Task item — Print exactly and only the lines that run from the one containing "L'armoire est équipée" through the end of the material, please, omitting pictures.

[Information supplied — start]

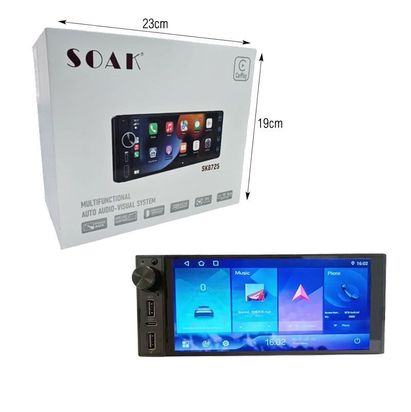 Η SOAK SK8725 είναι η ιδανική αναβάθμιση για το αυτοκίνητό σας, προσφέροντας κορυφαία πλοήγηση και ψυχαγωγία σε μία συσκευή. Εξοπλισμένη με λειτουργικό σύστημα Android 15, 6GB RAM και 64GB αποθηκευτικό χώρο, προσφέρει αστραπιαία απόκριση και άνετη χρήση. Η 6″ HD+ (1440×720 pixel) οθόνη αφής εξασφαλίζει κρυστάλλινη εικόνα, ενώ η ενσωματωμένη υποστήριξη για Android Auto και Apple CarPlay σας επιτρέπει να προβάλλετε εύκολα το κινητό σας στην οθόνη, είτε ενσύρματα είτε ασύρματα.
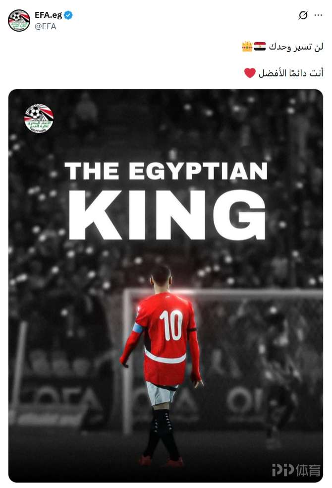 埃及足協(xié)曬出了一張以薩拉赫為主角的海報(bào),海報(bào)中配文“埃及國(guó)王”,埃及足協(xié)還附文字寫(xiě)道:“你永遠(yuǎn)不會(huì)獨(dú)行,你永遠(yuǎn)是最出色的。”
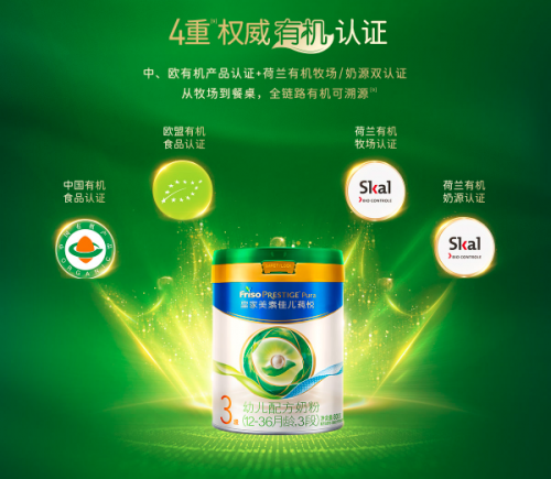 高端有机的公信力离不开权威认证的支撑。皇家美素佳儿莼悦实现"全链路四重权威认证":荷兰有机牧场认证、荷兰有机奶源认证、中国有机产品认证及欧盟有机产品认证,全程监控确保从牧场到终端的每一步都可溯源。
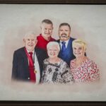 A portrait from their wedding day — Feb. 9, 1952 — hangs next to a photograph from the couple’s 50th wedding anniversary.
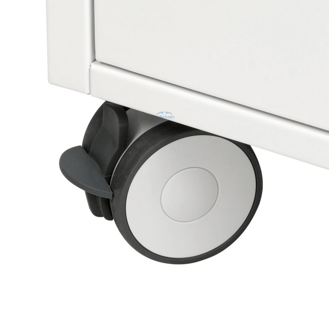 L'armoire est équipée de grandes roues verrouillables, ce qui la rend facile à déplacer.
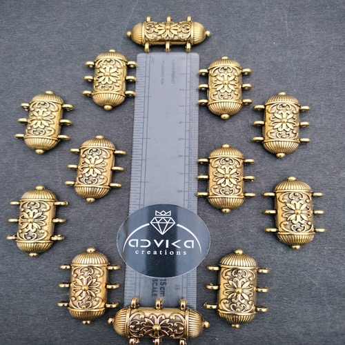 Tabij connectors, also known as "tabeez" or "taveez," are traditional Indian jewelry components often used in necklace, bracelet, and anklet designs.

[Information supplied — finish]

Answer to this problem —
 L'armoire est équipée de grandes roues verrouillables, ce qui la rend facile à déplacer.
 Tabij connectors, also known as "tabeez" or "taveez," are traditional Indian jewelry components often used in necklace, bracelet, and anklet designs.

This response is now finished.